Houle and Gerber vividly remember the exact moment they found the medallion. It was the final day of the hunt, and the lack of deep snow intensified the search at St. Paul’s Harriet Island Park.

“That final clue pinpointed the location,” Houle said. They bundled up, called the friend, Rita Taylor, and rushed to the park, already filled with frenzied hunters. There were so many people that they couldn’t dig where they thought they should.

“Where it pinpointed where it was — you couldn’t even get to that spot, there were so many people.
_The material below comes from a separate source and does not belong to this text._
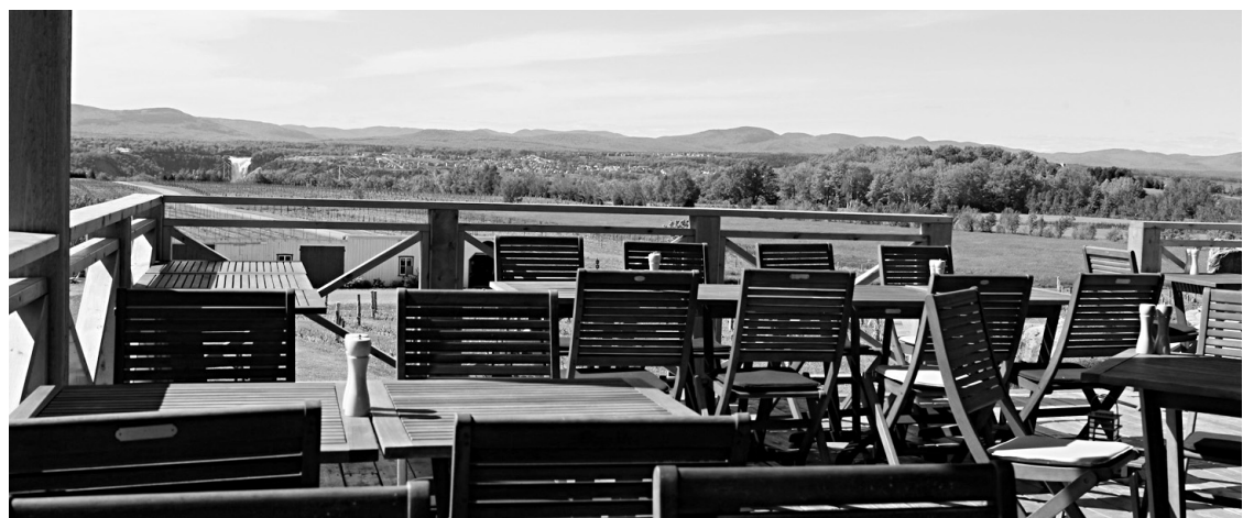
La terrasse du Panache Mobile, qui donne sur le vignoble, s'ouvre au loin sur la chute Montmorency et le paysage montagneux.

So we just kind of looked around, and my mom pulled us over to an area where snow plows had accumulated more snow,” Houle said. “So my mom and I were truly searching side by side, she had a hoe and I had a shovel.”

Gerber takes it from here: “There were people standing 5, 6 feet away from us, and I said, ‘I hope they leave’ because we had a pathway we were trying to shovel through. … And then the people who were in our way, they walked away — and I think they were probably standing just about where, when I pulled with my hoe right, it came tumbling down.”

Houle jumps back in: “She grabbed it and we just turned to each other and didn’t say a word. So many people were there, you felt you had to keep it under wraps. … We’re starting to shake already — we walked over to Rita, we were trying to act nonchalant.”

The late Pioneer Press columnist Don Boxmeyer, who went public as a clue writer years later, said a hunter must have kicked the medallion from its original spot. “So, quite often the treasure can be uncovered and it’s not uncovered,” he said on “No Time for Cold Feet,” a 2008 documentary about the Treasure Hunt.

Diane Houle holds the front-page story the Pioneer Press ran after she, her mother and her mother's good friend found the Treasure Hunt medallion in 1978, when Houle was 12. "We were pretty seasoned hunters," she said, "so it made finding it that much more incredible." Houle, of Woodbury, is pictured on Tuesday, Jan. 23, 2017, in Maplewood. (Lisa Legge / Pioneer Press)
Diane Houle holds photos the Pioneer Press ran after she, her mother and her mother’s friend found the Treasure Hunt medallion in 1978, when Houle was 12. “We were pretty seasoned hunters,” she said, “so it made finding it that much more incredible.” (Lisa Legge / Pioneer Press)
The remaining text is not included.